The Sunday Mail
“Long time ago in Bethlehem
So the Holy Bible say
Mary’s boy child, Jesus Christ
Was born on Christmas Day.
Hark now hear the angels sing
A king was born today
And man will live for evermore
Because of Christmas Day…”
These are lyrics from a popular Christmas carol sang during this time of the year as Christians celebrate the birth of Jesus Christ, the Son of God.
Zimbabwe contributes millions to the more than two billion Christians around the world. The holiday has become so universal that most countries around the world — whether Christian or not — take time to be with family and friends, and partake in various festivities.
But Christmas means different things to different people.
For some, it is a time to indulge and make merry.
For others, it is synonymous with giving and sharing.
Although the recent indiscriminate price hikes have put a damper ahead of the public holiday, many remain cautiously optimistic.
But for Prophet Tawanda Blessing Bondera — founder of the Grace Harvest Ministries — the focus is on harvesting souls.
“The economic climate forced us to abandon some of our plans. In the past, we used to celebrate this day in grandeur, but we are not going to do that this year. Instead, we will be concentrating on preaching,” Prophet Bondera said.
His views are shared by Bishop Edward Masvingo of the Zion Apostolic Church, who believes that Christmas is a time of assisting the needy. “We take advantage of the holidays to preach and heal the sick. For us, it will be business as usual. We will be healing the sick, help the barren conceive and we will be casting out demons,” said Bishop Masvingo, whose church is headquartered in Kurauone Village in Marange.
It is a view that is also shared by United Family International Church (UFIC).
“It is a time during which we give to the less privileged. It is also a time to pray and fellowship as we thank God for giving us the greatest gift to mankind,” said Pastor Prime Kufa, UFIC spokesperson.
Prayer warriors are, however, not taking a break. Members of The City of God Apostolic Church will be hosting an all-night prayer on Christmas. “Due to the economic challenges, we decided to focus on preaching and healing. In the past, church members would exchange gifts and eat and drink,” Mr Rodrick Chiriya, the church’s spokesperson said.

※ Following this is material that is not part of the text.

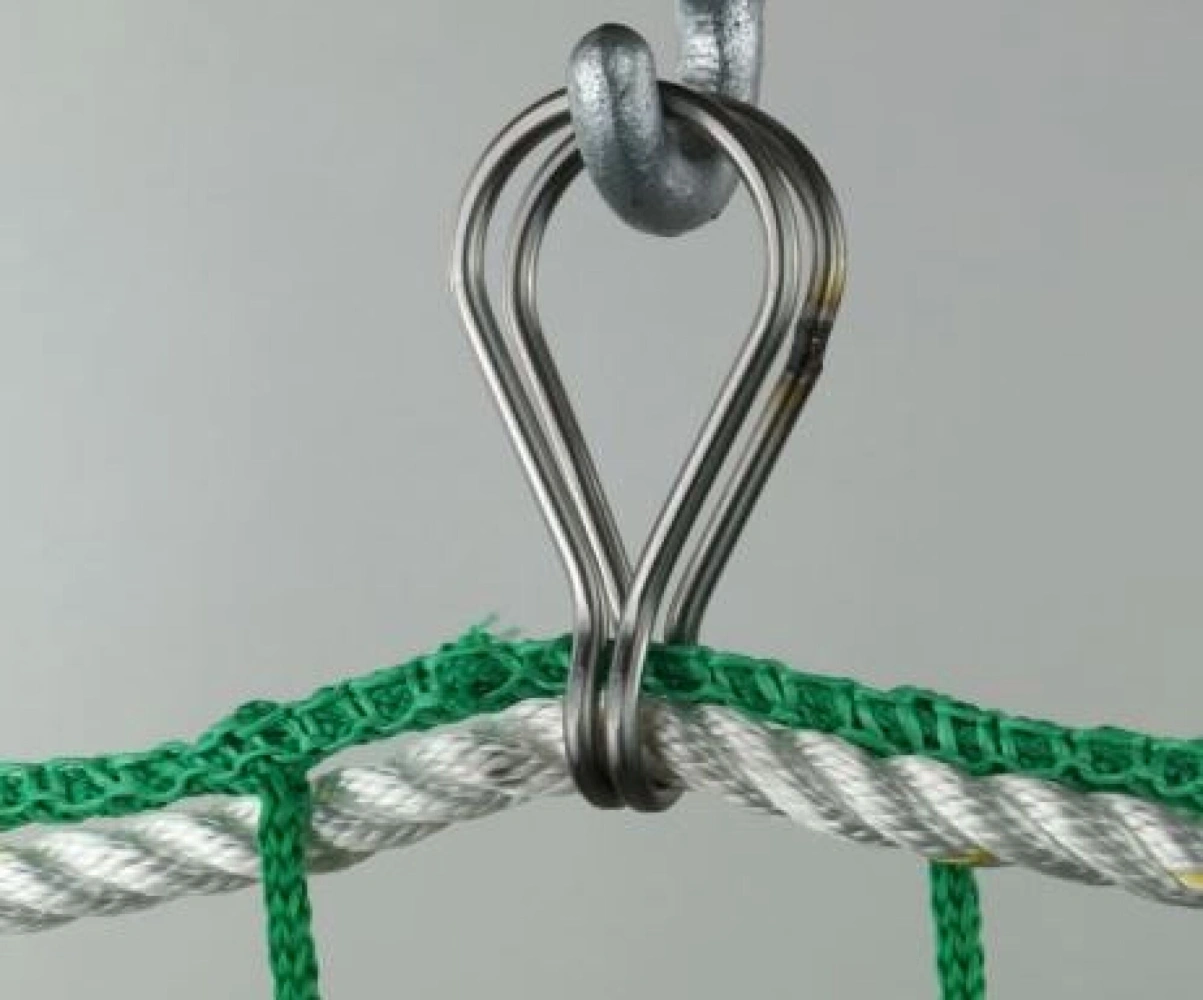 Vhodné jako kotvící bod na síti k zavěšení záchytné sítě ke konstrukci.

However, the Apostolic Faith Mission will not stop their members from celebrating. Last week, Rev Amon Madawo, president of the Apostolic Faith Mission, said: “We are not going to have a major national event. Instead, church services will be held at cluster level. We do not want to burden our congregants by travelling to Harare for festivities.”
Not to be outdone, some traditionalists will also take advantage of the holiday break to connect with the spirit world.
Sekuru Friday Chisanyu said, “It is also a time to remember our dear departed since we believe that the dead and the living have a special connection.”
Over the years, there have been concerns of Christmas being commercialised.